Stored items from a collection
=======
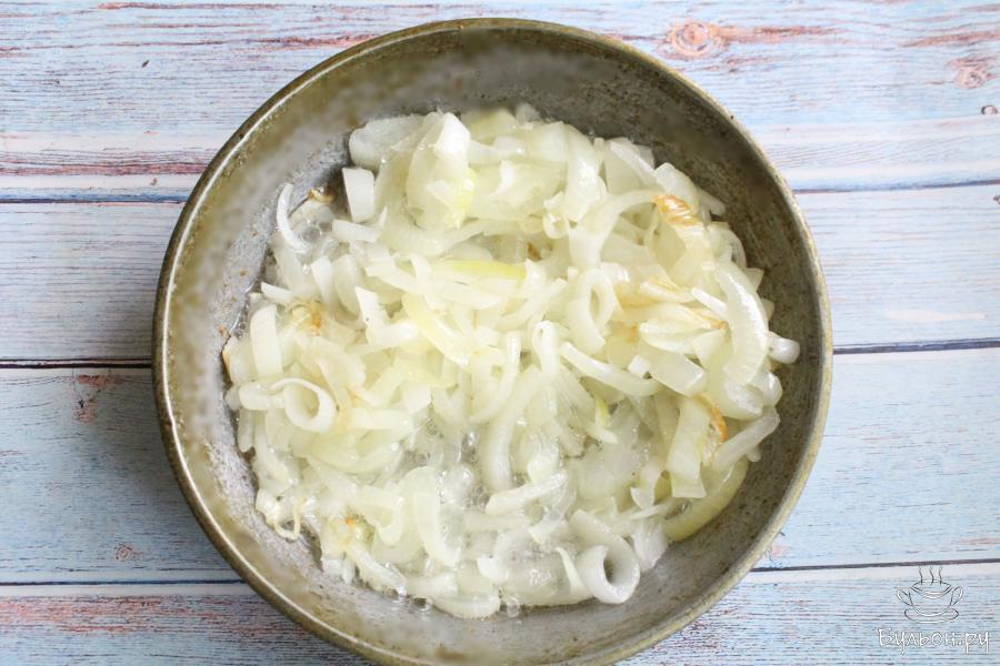 2. Лук чистим, режем не очень тонкими полосками и жарим его до мягкости, на сковороде с разогретым маслом.
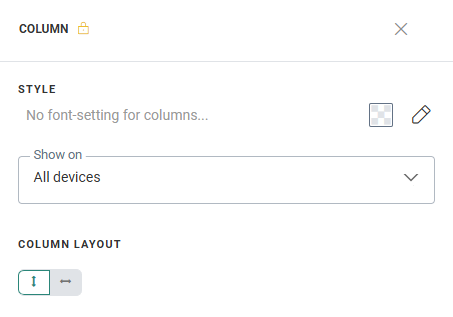 You can set styling options for the content and define on which devices the column content should be displayed. For multiple horizontal aligned content components in the column, you can set how they should be displayed on mobile devices: horizontally - one next to the other, or vertically - one below the other.
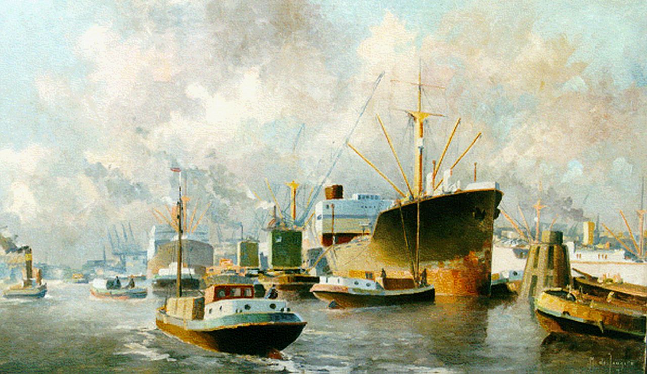 M.J. Drulman (M. de Jongere) Kunstwerk • Gemälde • zuvor zu verkaufen Shipping in the harbour of Rotterdam
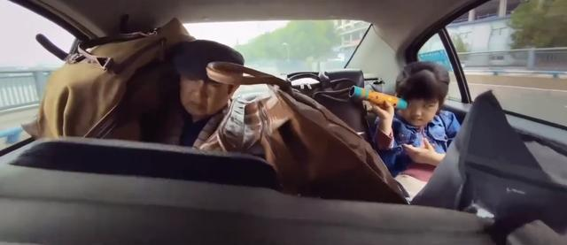 结局时,三代人挤在狭窄的出租车里一起吃饺子
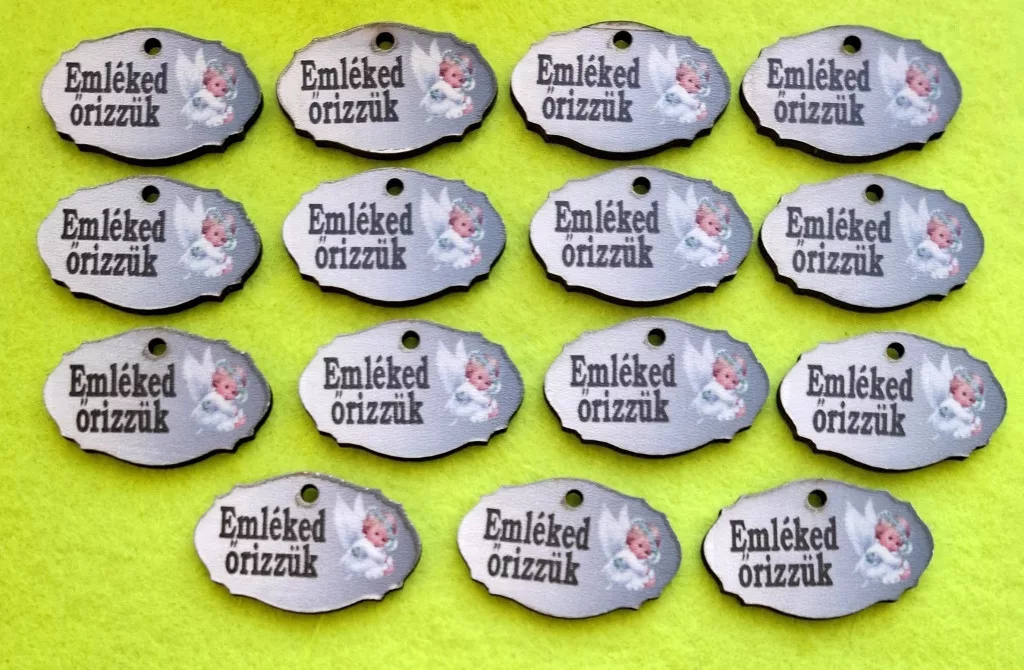 Nyomtatott fa Kicsi ovális tábla fehér szürke háttérrel angyalkával Emléked Őrizzük felirattal 4x2,5cm vastagság 3mm
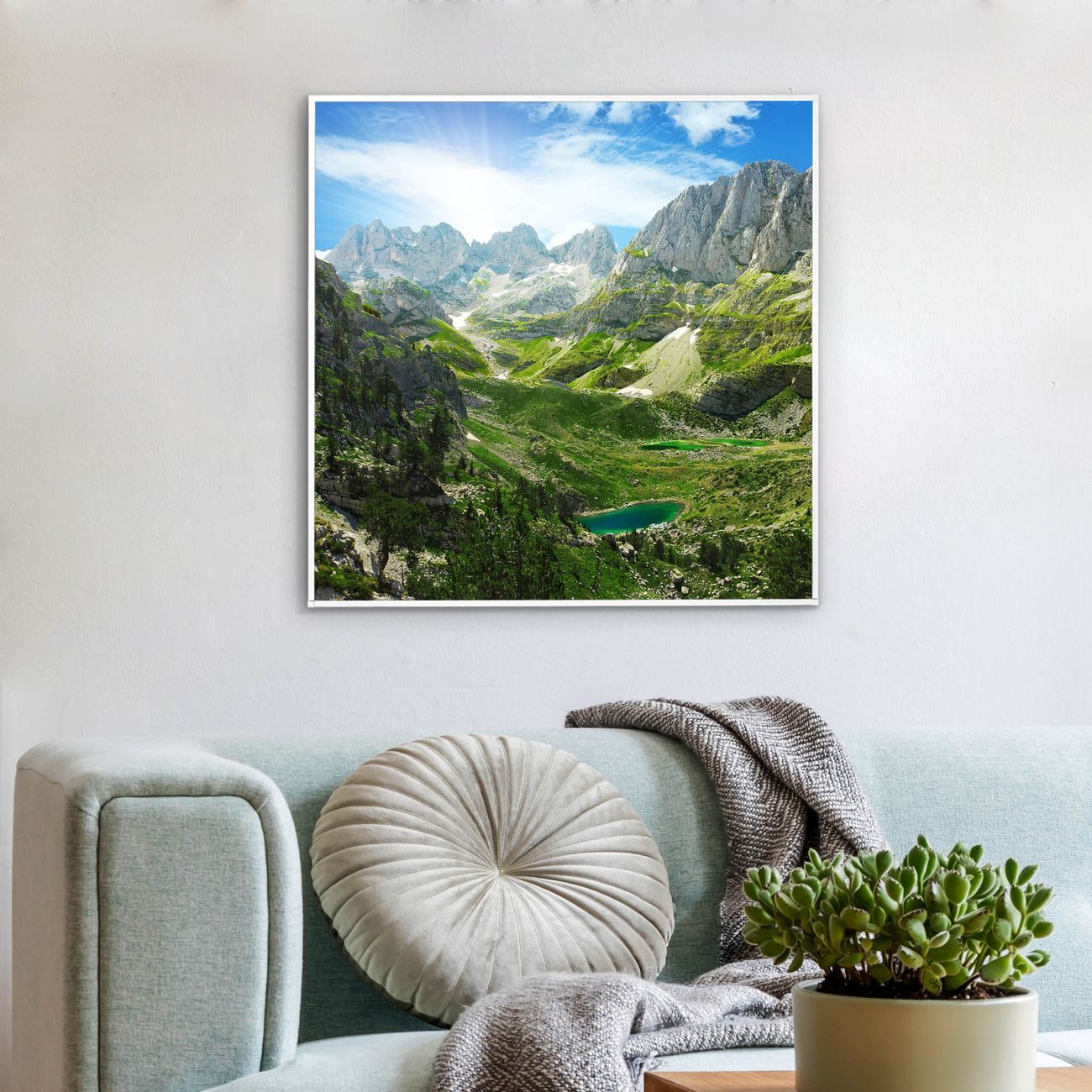 banjado LED Wandleuchte Sie erhalten hier eine stimmungsvolle Lichtquelle bestehend aus dem Set: Smart LED Panel mit Trafo, Motivscheibe (Motiv: Bergsee Alpen) und Rahmen. Der Aufbau ist denkbar einfach, Sie erhalten eine detaillierte Aufbauanleitung. Die komplette Leuchte kann sowohl an der Wand angeschlossen werden als auch als Deckenleuchte. Die Gesamtgröße der Lampe ist 62,5 x 62,5 x 4,5cm (HxBxT). Das Set besteht aus: LED Panel mit Trafo, Rahmen und Motivbild zum Selbstaufbau.
=======
Pictures aside, restate all of the entries exactly.

 2. Лук чистим, режем не очень тонкими полосками и жарим его до мягкости, на сковороде с разогретым маслом.
 You can set styling options for the content and define on which devices the column content should be displayed. For multiple horizontal aligned content components in the column, you can set how they should be displayed on mobile devices: horizontally - one next to the other, or vertically - one below the other.
 M.J. Drulman (M. de Jongere) Kunstwerk • Gemälde • zuvor zu verkaufen Shipping in the harbour of Rotterdam
 结局时,三代人挤在狭窄的出租车里一起吃饺子
 Nyomtatott fa Kicsi ovális tábla fehér szürke háttérrel angyalkával Emléked Őrizzük felirattal 4x2,5cm vastagság 3mm
 banjado LED Wandleuchte Sie erhalten hier eine stimmungsvolle Lichtquelle bestehend aus dem Set: Smart LED Panel mit Trafo, Motivscheibe (Motiv: Bergsee Alpen) und Rahmen. Der Aufbau ist denkbar einfach, Sie erhalten eine detaillierte Aufbauanleitung. Die komplette Leuchte kann sowohl an der Wand angeschlossen werden als auch als Deckenleuchte. Die Gesamtgröße der Lampe ist 62,5 x 62,5 x 4,5cm (HxBxT). Das Set besteht aus: LED Panel mit Trafo, Rahmen und Motivbild zum Selbstaufbau.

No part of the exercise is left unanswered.